◆ **Exercise aim**
Leaving out the pictures, transcribe all of the records faithfully.

[Data excerpts]
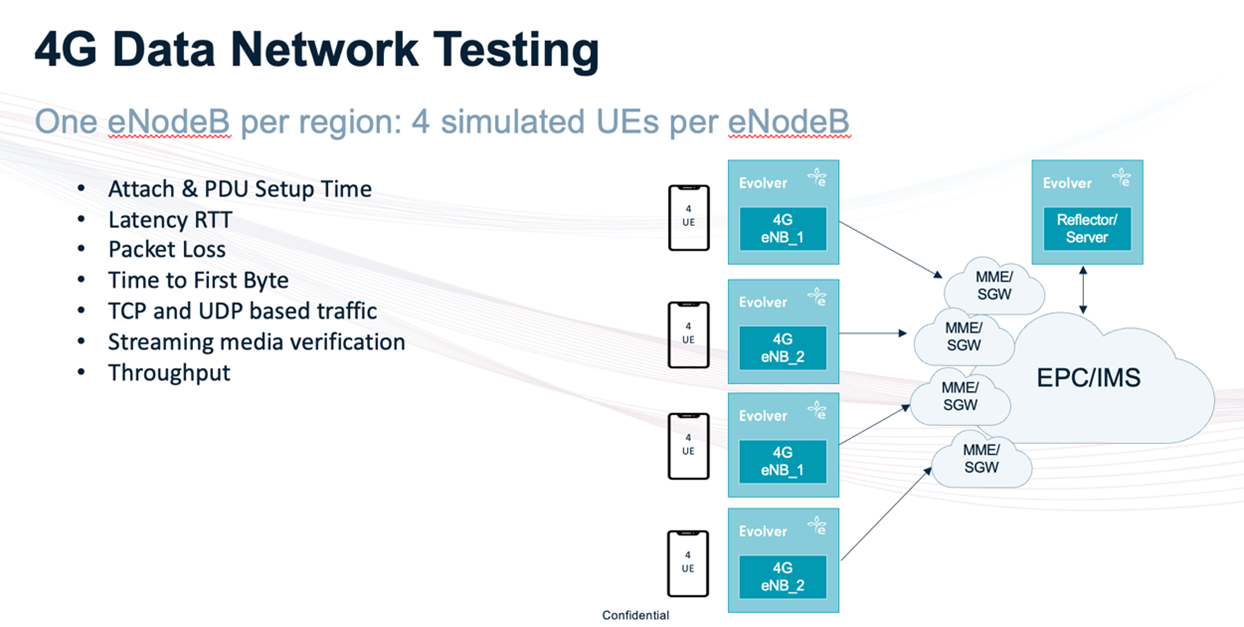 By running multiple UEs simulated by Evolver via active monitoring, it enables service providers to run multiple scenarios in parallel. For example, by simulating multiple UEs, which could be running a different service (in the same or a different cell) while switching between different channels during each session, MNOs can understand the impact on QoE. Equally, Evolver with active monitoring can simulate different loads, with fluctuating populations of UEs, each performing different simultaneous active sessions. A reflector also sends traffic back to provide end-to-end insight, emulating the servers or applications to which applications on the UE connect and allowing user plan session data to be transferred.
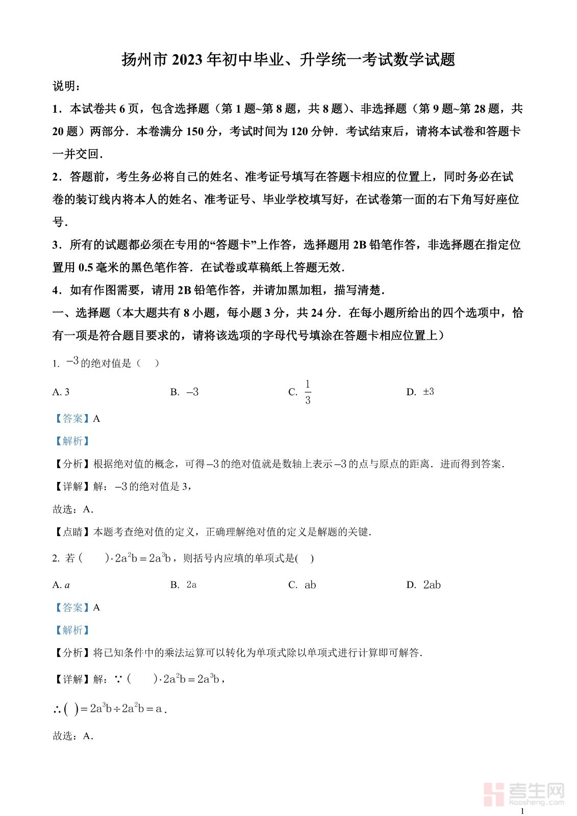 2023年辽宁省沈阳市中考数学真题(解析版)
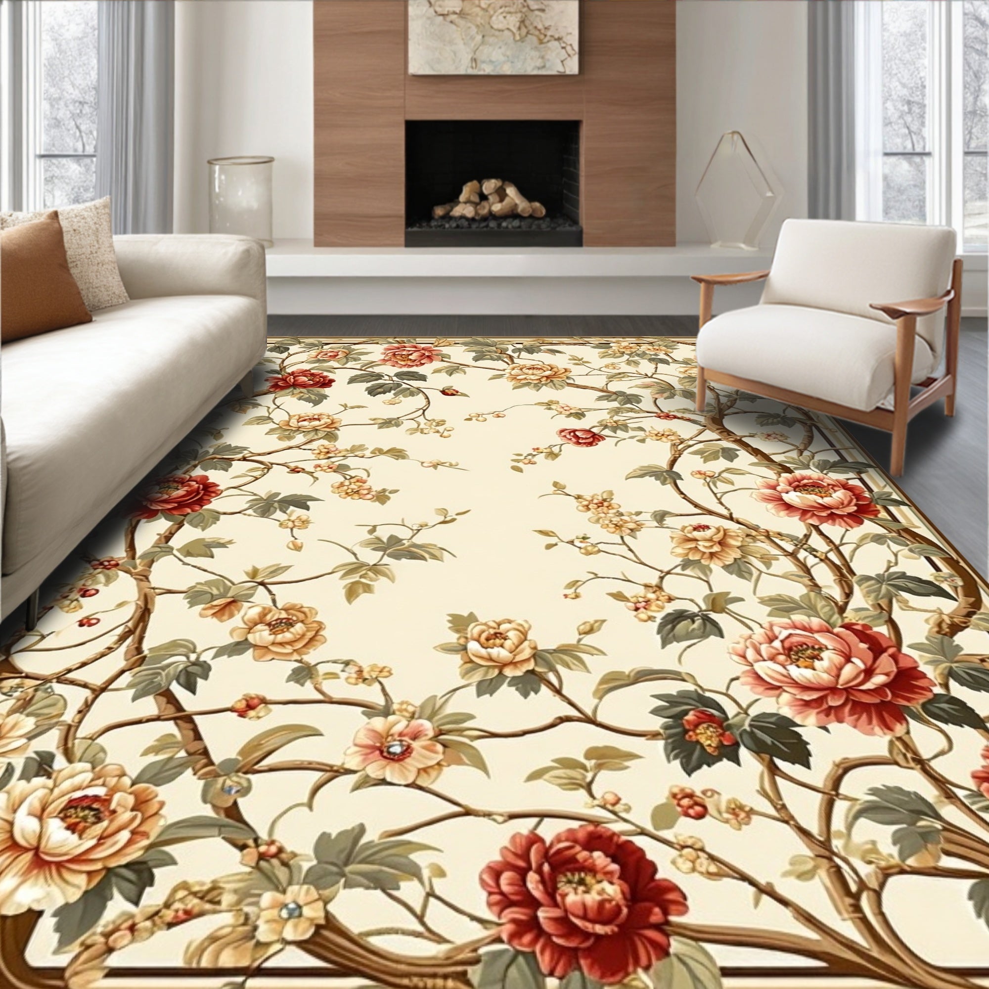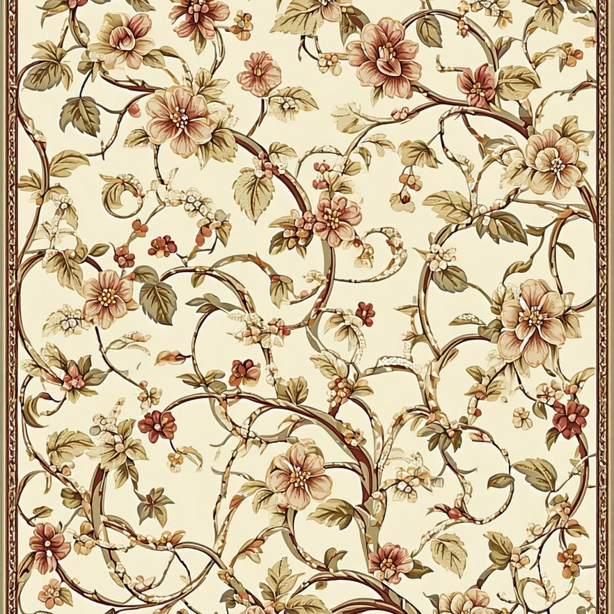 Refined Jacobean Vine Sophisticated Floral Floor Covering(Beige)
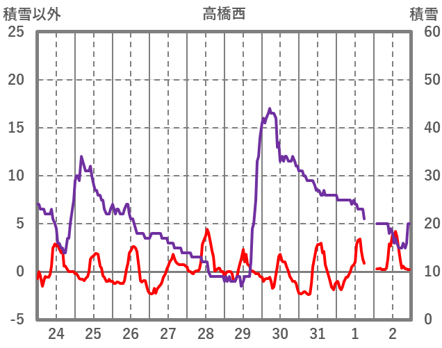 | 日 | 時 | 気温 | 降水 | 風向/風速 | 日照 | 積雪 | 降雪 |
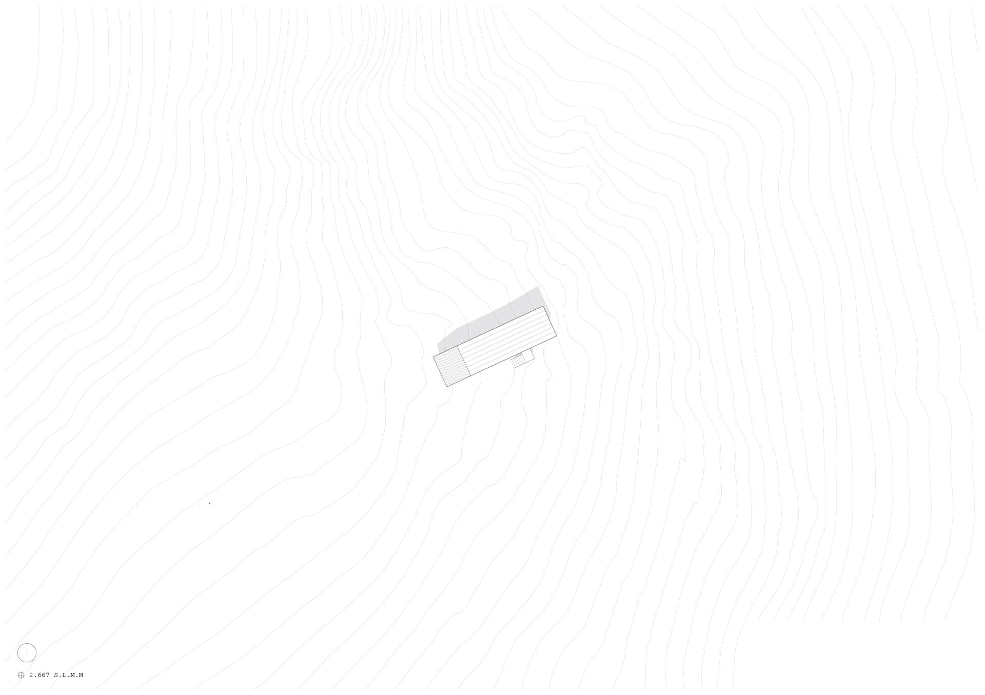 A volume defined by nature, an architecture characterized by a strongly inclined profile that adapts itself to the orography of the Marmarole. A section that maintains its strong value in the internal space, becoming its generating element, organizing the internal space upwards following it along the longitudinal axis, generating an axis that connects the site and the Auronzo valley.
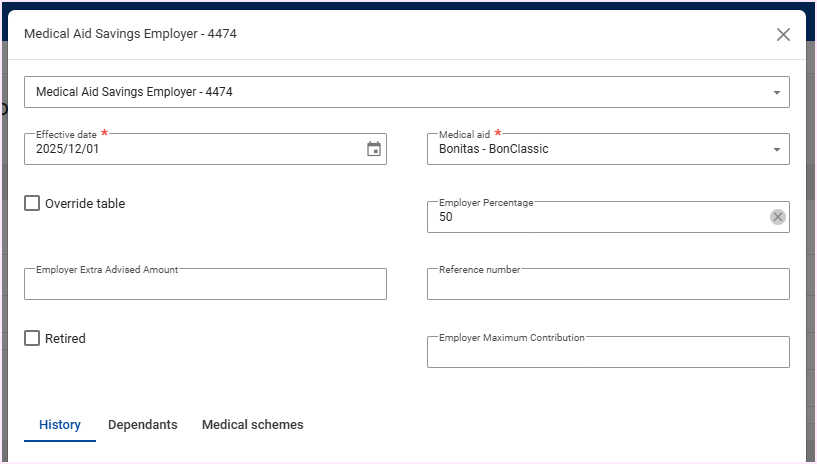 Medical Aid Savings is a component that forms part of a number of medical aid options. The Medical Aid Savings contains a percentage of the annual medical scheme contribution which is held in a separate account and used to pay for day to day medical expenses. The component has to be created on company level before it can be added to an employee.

◆ **Result of the task**
 By running multiple UEs simulated by Evolver via active monitoring, it enables service providers to run multiple scenarios in parallel. For example, by simulating multiple UEs, which could be running a different service (in the same or a different cell) while switching between different channels during each session, MNOs can understand the impact on QoE. Equally, Evolver with active monitoring can simulate different loads, with fluctuating populations of UEs, each performing different simultaneous active sessions. A reflector also sends traffic back to provide end-to-end insight, emulating the servers or applications to which applications on the UE connect and allowing user plan session data to be transferred.
 2023年辽宁省沈阳市中考数学真题(解析版)
 Refined Jacobean Vine Sophisticated Floral Floor Covering(Beige)
 | 日 | 時 | 気温 | 降水 | 風向/風速 | 日照 | 積雪 | 降雪 |
 A volume defined by nature, an architecture characterized by a strongly inclined profile that adapts itself to the orography of the Marmarole. A section that maintains its strong value in the internal space, becoming its generating element, organizing the internal space upwards following it along the longitudinal axis, generating an axis that connects the site and the Auronzo valley.
 Medical Aid Savings is a component that forms part of a number of medical aid options. The Medical Aid Savings contains a percentage of the annual medical scheme contribution which is held in a separate account and used to pay for day to day medical expenses. The component has to be created on company level before it can be added to an employee.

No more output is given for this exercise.